→ **Problem details**: With the images removed, return every line below exactly as it reads.

→ **Data**:
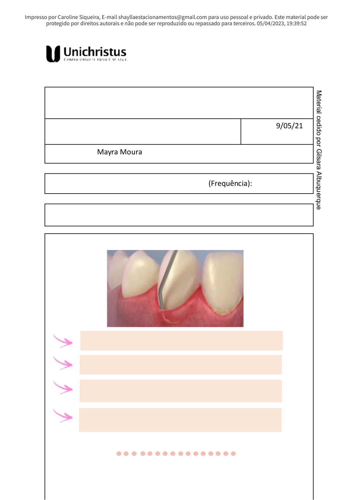 Impresso por Caroline Siqueira, E-mail shayllaestacionamentos@gmail.com para uso pessoal e privado. Este material pode ser protegido por direitos autorais e não pode ser reproduzido ou repassado para terceiros. 05/04/2023, 19:39:52 CURSO DE ODONTOLOGIA ATIVIDADE REALIZADA: Raspagem subgengival e alisamento radicular I ao VI sextante. Data: 19 05 21/ / Professor(a): Mayra Moura Visto do professor(a): (Frequência): REGRISTRO DE PRÁTICA CLÍNICA Raspagem Subgengival e Alisamento Radicular: Objetivos da Raspagem: • Remoção da microbiota patogênica da bolsa; • Resolução da inflamação gengival; • Interrupção da destruição progressiva do aparelho de inserção; • Tornar a superfície radicular compatível com a nova inserção. PORTFÓLIO CLÍNICA M aterial cedido por G ilsara A lbuquerque Tratamento Fase II: 1. Periograma; 2. Raspagem subgengival; 3. Reavaliação após 45 dias. Raspagem: Processo pelo qual a placa e o cálculo são removidos da superfície dentária supra e subgengival. Alisamento Radicular: Processo pelo qual o cálculo incrustado e as porções do cemento são removidos das raízes para produzir uma superfície lisa, dura e limpa. Tratamento não cirúrgico da periodontite. Victoria Trindade Victoria Trindade Victoria Trindade Victoria Trindade Victoria Trindade Victoria Trindade Edgar Tanji, Sandra Tomaz e Silvia Friggi Victoria Trindade Victoria Trindade 06/04/2023 Victoria Trindade Estágio em Clinica Integral do Adulto III Impresso por Caroline Siqueira, E-mail shayllaestacionamentos@gmail.com para uso pessoal e privado. Este material pode ser protegido por direitos autorais e não pode ser reproduzido ou repassado para terceiros. 05/04/2023, 19:39:52 Instrumentais Utilizados: 1. Dentes Anteriores: • Foice Morse 0- ;00 • Cureta Mini Five 5-6. 2. Dentes Posteriores: • Foice Mccall 11-12; • Cureta Mini Five 7-8; • Cureta Mini Five ;11 12- • Cureta Mini Five .13-14 3. Detecção de Depósitos de Cálculo: • Sonda Carolina do Norte. Sextantes a Trabalhar: Posicionamento do Paciente: 1. Arcada Superior: 2. Arcada Inferior: Elevar o encosto da cadeira; Paciente deve elevar o queixo. Paciente deve abaixar o queixo; Mandíbula paralela ao solo. Posição de Trabalho: • Sextantes Anteriores: Alternar entre 8 e 9 horas. Dentes Ântero-Superiores: 8/9 horas e 12 horas. Dentes Ântero-Inferiores: 8/9 horas e 12 horas. • Sextantes Posteriores: Alternar entre 9 e 11 horas. Dentes Superiores: 9 e 11 horas. Dentes Posteriores: 9 e 11 horas. M aterial cedido por G ilsara A lbuquerque PORTFÓLIO CLÍNICA Ponta Mccall 11-12 Carolina do Norte n° 15 Victoria Trindade Victoria Trindade Victoria Trindade Victoria Trindade Impresso por Caroline Siqueira, E-mail shayllaestacionamentos@gmail.com para uso pessoal e privado. Este material pode ser protegido por direitos autorais e não pode ser reproduzido ou repassado para terceiros. 05/04/2023, 19:39:52 Empunhadura do Instrumental: • Com empunhadura de caneta modificada a cureta deve ser posicionada na base do cálculo de forma que a sua remoção se torne mais eficiente; • A superfície não cortante da cureta fica sempre voltada para o tecido gengival. • Estabilizar a mão e o instrumental durante os movimentos; • Apoio digital intraoral convencional: Durante a raspagem, apoia-se os dedos anelar e mindinho nos dentes adjacentes para estabilizar melhor o instrumental; • Intra-oral arco oposto: Apoio digital na outra arcada; • Apoio digital extra-oral palma para cima: Dorso dos dedos se apoiam na face lateral direita da mandíbula; • Extra-oral palma para baixo: Superfícies frontais dos dedos se apoiam na face lateral esquerda da mandíbula. Passo a Passo: 1. Realizar movimento exploratório com a sonda periodontal Carolina do Norte, na qual deve ser introduzida até o fundo da bolsa periodontal, e com movimentos leves, é investigado a presença de cálculo; M aterial cedido por G ilsara A lbuquerque PORTFÓLIO CLÍNICA Victoria Trindade Victoria Trindade Victoria Trindade Impresso por Caroline Siqueira, E-mail shayllaestacionamentos@gmail.com para uso pessoal e privado. Este material pode ser protegido por direitos autorais e não pode ser reproduzido ou repassado para terceiros. 05/04/2023, 19:39:52 2. Escolher a cureta de acordo com o sextante a ser raspado; 3. Estabilizar a cureta com empunhadura de caneta modificada, com apoio digital que melhor se adeque a área a ser raspada; 4. Introduzir a cureta com ângulo de 0° até o fundo da bolsa; 5. Modificar a angulação de trabalho de 45°, com pressão lateral, realizando movimentos curtos, intensos, controlados e sobrepostos; 6. No decorrer da remoção do cálculo são realizados movimentos exploratórios com a sonda periodontal para verificar se todos os depósitos de cálculo foram removidos; 7. Após remover todo o cálculo subgengival é realizado o alisamento radicular. Com a cureta indicada deve ser realizado movimentos leves e longos, desde o fundo da bolsa até a cervical do dente. Ao final a superfície radicular deve estar lisa e dura. Aluno (a): Lara de Aquino Santos M aterial cedido por G ilsara A lbuquerque PORTFÓLIO CLÍNICA Victoria Trindade Victoria Trindade Victoria Trindade Victoria Trindade Victoria Trindade Caroline Siqueira Cabral - RA 6017217
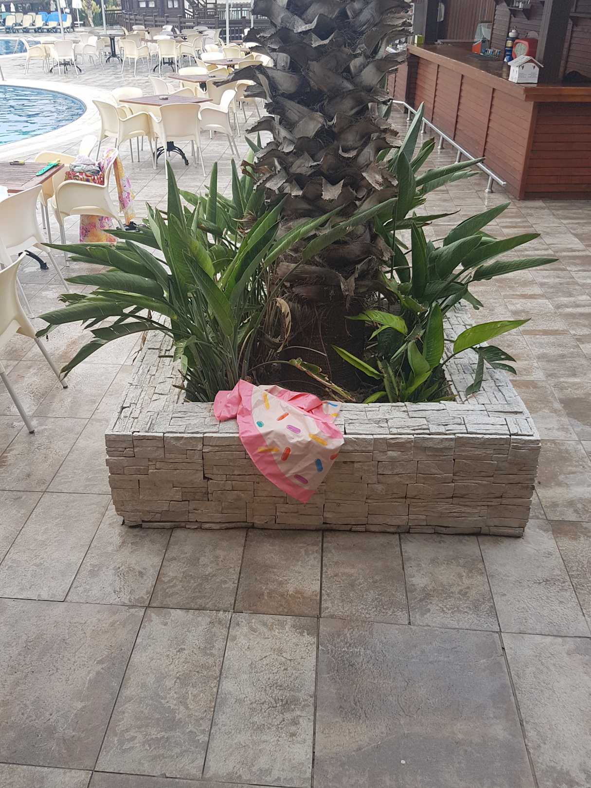 ein kaputter schwimmreifen lag bei unserer ankunft am pool ... er wanderte dann um den pool herum und landete schliesslich an unserem abreisetag ordentlich am blumentopf .. sehr fürsorglich...
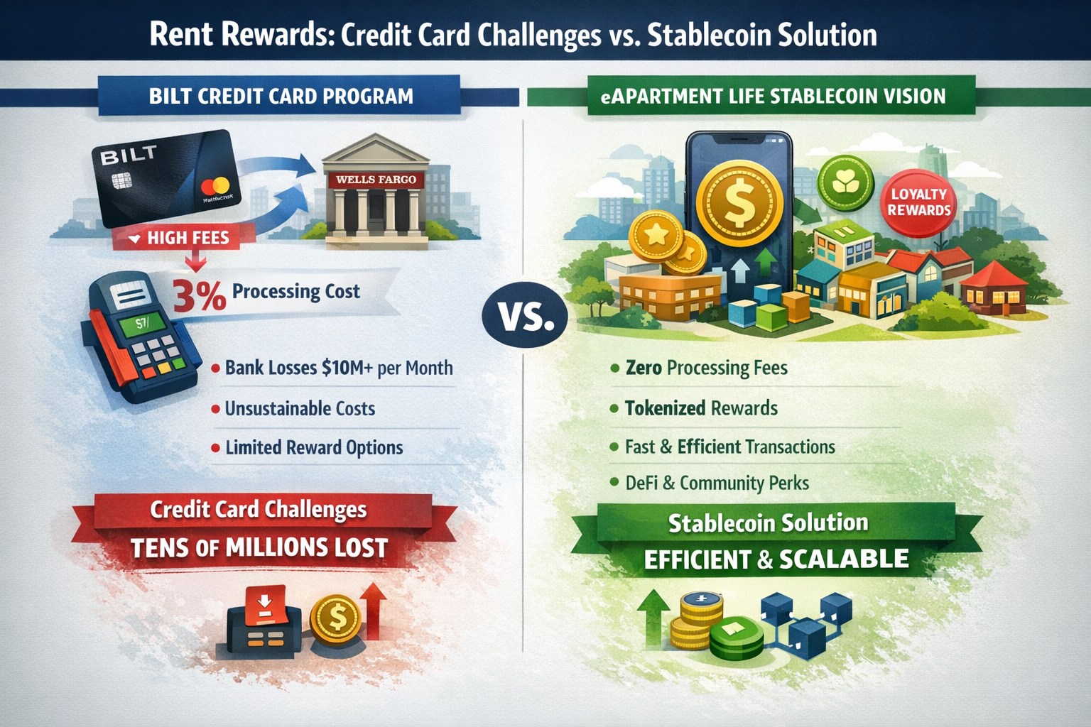 As a result, Bilt continues to iterate its product (new card lineups, expanded partners, mortgage rewards, and broader payment options), but the underlying reliance on credit-card rails still exposes it to the inherent costs and limitations of that system. eApartment Life’s Stablecoin-Based Rent + Loyalty Vision (Future-Looking) The concept with eApartment Life reimagines rent payments and loyalty rewards by eliminating the traditional credit-card processing layer entirely — including the ~3% fee — by enabling tenants to pay rent directly with a stablecoin built into the community’s commerce platform. Under this model:

→ **Solved problem**:
 Impresso por Caroline Siqueira, E-mail shayllaestacionamentos@gmail.com para uso pessoal e privado. Este material pode ser protegido por direitos autorais e não pode ser reproduzido ou repassado para terceiros. 05/04/2023, 19:39:52 CURSO DE ODONTOLOGIA ATIVIDADE REALIZADA: Raspagem subgengival e alisamento radicular I ao VI sextante. Data: 19 05 21/ / Professor(a): Mayra Moura Visto do professor(a): (Frequência): REGRISTRO DE PRÁTICA CLÍNICA Raspagem Subgengival e Alisamento Radicular: Objetivos da Raspagem: • Remoção da microbiota patogênica da bolsa; • Resolução da inflamação gengival; • Interrupção da destruição progressiva do aparelho de inserção; • Tornar a superfície radicular compatível com a nova inserção. PORTFÓLIO CLÍNICA M aterial cedido por G ilsara A lbuquerque Tratamento Fase II: 1. Periograma; 2. Raspagem subgengival; 3. Reavaliação após 45 dias. Raspagem: Processo pelo qual a placa e o cálculo são removidos da superfície dentária supra e subgengival. Alisamento Radicular: Processo pelo qual o cálculo incrustado e as porções do cemento são removidos das raízes para produzir uma superfície lisa, dura e limpa. Tratamento não cirúrgico da periodontite. Victoria Trindade Victoria Trindade Victoria Trindade Victoria Trindade Victoria Trindade Victoria Trindade Edgar Tanji, Sandra Tomaz e Silvia Friggi Victoria Trindade Victoria Trindade 06/04/2023 Victoria Trindade Estágio em Clinica Integral do Adulto III Impresso por Caroline Siqueira, E-mail shayllaestacionamentos@gmail.com para uso pessoal e privado. Este material pode ser protegido por direitos autorais e não pode ser reproduzido ou repassado para terceiros. 05/04/2023, 19:39:52 Instrumentais Utilizados: 1. Dentes Anteriores: • Foice Morse 0- ;00 • Cureta Mini Five 5-6. 2. Dentes Posteriores: • Foice Mccall 11-12; • Cureta Mini Five 7-8; • Cureta Mini Five ;11 12- • Cureta Mini Five .13-14 3. Detecção de Depósitos de Cálculo: • Sonda Carolina do Norte. Sextantes a Trabalhar: Posicionamento do Paciente: 1. Arcada Superior: 2. Arcada Inferior: Elevar o encosto da cadeira; Paciente deve elevar o queixo. Paciente deve abaixar o queixo; Mandíbula paralela ao solo. Posição de Trabalho: • Sextantes Anteriores: Alternar entre 8 e 9 horas. Dentes Ântero-Superiores: 8/9 horas e 12 horas. Dentes Ântero-Inferiores: 8/9 horas e 12 horas. • Sextantes Posteriores: Alternar entre 9 e 11 horas. Dentes Superiores: 9 e 11 horas. Dentes Posteriores: 9 e 11 horas. M aterial cedido por G ilsara A lbuquerque PORTFÓLIO CLÍNICA Ponta Mccall 11-12 Carolina do Norte n° 15 Victoria Trindade Victoria Trindade Victoria Trindade Victoria Trindade Impresso por Caroline Siqueira, E-mail shayllaestacionamentos@gmail.com para uso pessoal e privado. Este material pode ser protegido por direitos autorais e não pode ser reproduzido ou repassado para terceiros. 05/04/2023, 19:39:52 Empunhadura do Instrumental: • Com empunhadura de caneta modificada a cureta deve ser posicionada na base do cálculo de forma que a sua remoção se torne mais eficiente; • A superfície não cortante da cureta fica sempre voltada para o tecido gengival. • Estabilizar a mão e o instrumental durante os movimentos; • Apoio digital intraoral convencional: Durante a raspagem, apoia-se os dedos anelar e mindinho nos dentes adjacentes para estabilizar melhor o instrumental; • Intra-oral arco oposto: Apoio digital na outra arcada; • Apoio digital extra-oral palma para cima: Dorso dos dedos se apoiam na face lateral direita da mandíbula; • Extra-oral palma para baixo: Superfícies frontais dos dedos se apoiam na face lateral esquerda da mandíbula. Passo a Passo: 1. Realizar movimento exploratório com a sonda periodontal Carolina do Norte, na qual deve ser introduzida até o fundo da bolsa periodontal, e com movimentos leves, é investigado a presença de cálculo; M aterial cedido por G ilsara A lbuquerque PORTFÓLIO CLÍNICA Victoria Trindade Victoria Trindade Victoria Trindade Impresso por Caroline Siqueira, E-mail shayllaestacionamentos@gmail.com para uso pessoal e privado. Este material pode ser protegido por direitos autorais e não pode ser reproduzido ou repassado para terceiros. 05/04/2023, 19:39:52 2. Escolher a cureta de acordo com o sextante a ser raspado; 3. Estabilizar a cureta com empunhadura de caneta modificada, com apoio digital que melhor se adeque a área a ser raspada; 4. Introduzir a cureta com ângulo de 0° até o fundo da bolsa; 5. Modificar a angulação de trabalho de 45°, com pressão lateral, realizando movimentos curtos, intensos, controlados e sobrepostos; 6. No decorrer da remoção do cálculo são realizados movimentos exploratórios com a sonda periodontal para verificar se todos os depósitos de cálculo foram removidos; 7. Após remover todo o cálculo subgengival é realizado o alisamento radicular. Com a cureta indicada deve ser realizado movimentos leves e longos, desde o fundo da bolsa até a cervical do dente. Ao final a superfície radicular deve estar lisa e dura. Aluno (a): Lara de Aquino Santos M aterial cedido por G ilsara A lbuquerque PORTFÓLIO CLÍNICA Victoria Trindade Victoria Trindade Victoria Trindade Victoria Trindade Victoria Trindade Caroline Siqueira Cabral - RA 6017217
 ein kaputter schwimmreifen lag bei unserer ankunft am pool ... er wanderte dann um den pool herum und landete schliesslich an unserem abreisetag ordentlich am blumentopf .. sehr fürsorglich...
 As a result, Bilt continues to iterate its product (new card lineups, expanded partners, mortgage rewards, and broader payment options), but the underlying reliance on credit-card rails still exposes it to the inherent costs and limitations of that system. eApartment Life’s Stablecoin-Based Rent + Loyalty Vision (Future-Looking) The concept with eApartment Life reimagines rent payments and loyalty rewards by eliminating the traditional credit-card processing layer entirely — including the ~3% fee — by enabling tenants to pay rent directly with a stablecoin built into the community’s commerce platform. Under this model:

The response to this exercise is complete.